The doctor smiled at Hirshl and invited the women inside. Before long two of them returned to the waiting room, leaving the third in the office. Suddenly she screamed. Either the doctor had pressed her too hard where it hurt or else he had told her the truth. No woman could stand too much truth, especially from a doctor. Though if a doctor were to tell me I had only a year to live, reflected Hirshl, would I be any calmer about it? How hard it is to sit here. It’s so stuffy I’m falling asleep. I don’t mean falling asleep, because I can’t fall asleep, but I can’t keep my eyes open either. Is there something in this room that’s drugging me? I am not sleeping. I am not sleeping. I just have to close my eyes.
Hirshl let out a light snore. He awoke with a start and shut his eyes again. A good doctor can put you to sleep just by making you wait. Is there such a thing as dreaming in the middle of the day? There is if you can sleep, but I can’t. I must have been thinking.
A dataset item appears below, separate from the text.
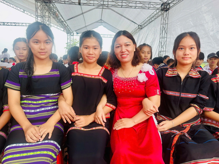 Cô giáo và học sinh Trường Tiểu học và Trung học cơ sở Võ Nguyên Giáp, xã Mô Rai.
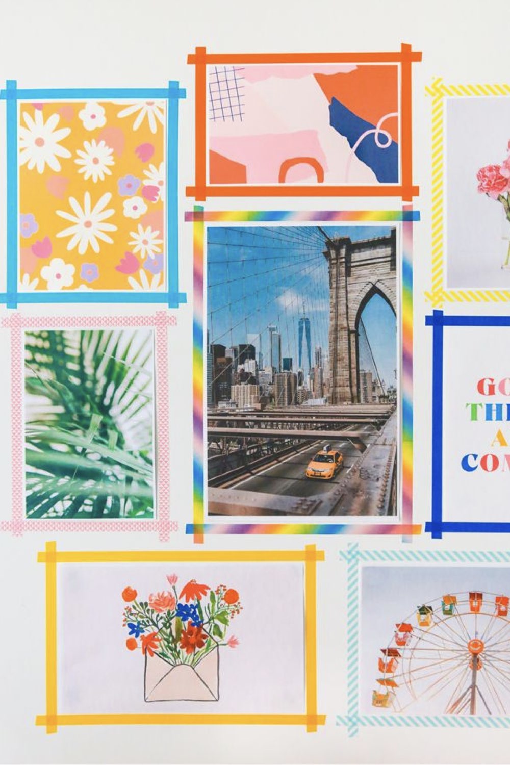 J'aime beaucoup l'idée de masking tape. C'est une solution qui est accessible financièrement mais pas seulement. Le masking tape n'abime pas la peinture au mur (contrairement au scotch transparent classique). Avec le masking tape, les possibilités n'ont pas de limites. On peut juste coller un bout de ruban adhésif sur le dessin pour l'accrocher. On peut aussi utiliser le masking tape pour créer un encadrement coloré et ludique.

I must have thought that I dreamed what I thought.
What did I think that I dreamed? That a button came off my jacket and Mina sewed it back on and I was chewing on the thread. But what made me think that was good for the memory? I’d better spit it out. That’s not a thread, though, that’s a snore. I must have fallen asleep and not noticed that another patient came. They’ll keep coming and coming until the doctor goes home and never even knows I was here. I’d better make a sound so that he does.
When Hirshl tried making a sound, however, it came out like another snore.
The doctor listened to Hirshl as if he had never heard of such a case before, without interrupting him even once. Then he advised him to go for long walks and to get lots of fresh air, which would brace his body, soothe his mind, increase his appetite, help his digestion, and guarantee him a solid night’s sleep. He also urged him to take a cold bath and a cup of hot milk before going to bed and not to use sedatives, which became so habit-forming that they poisoned the system and sapped a man’s will and strength.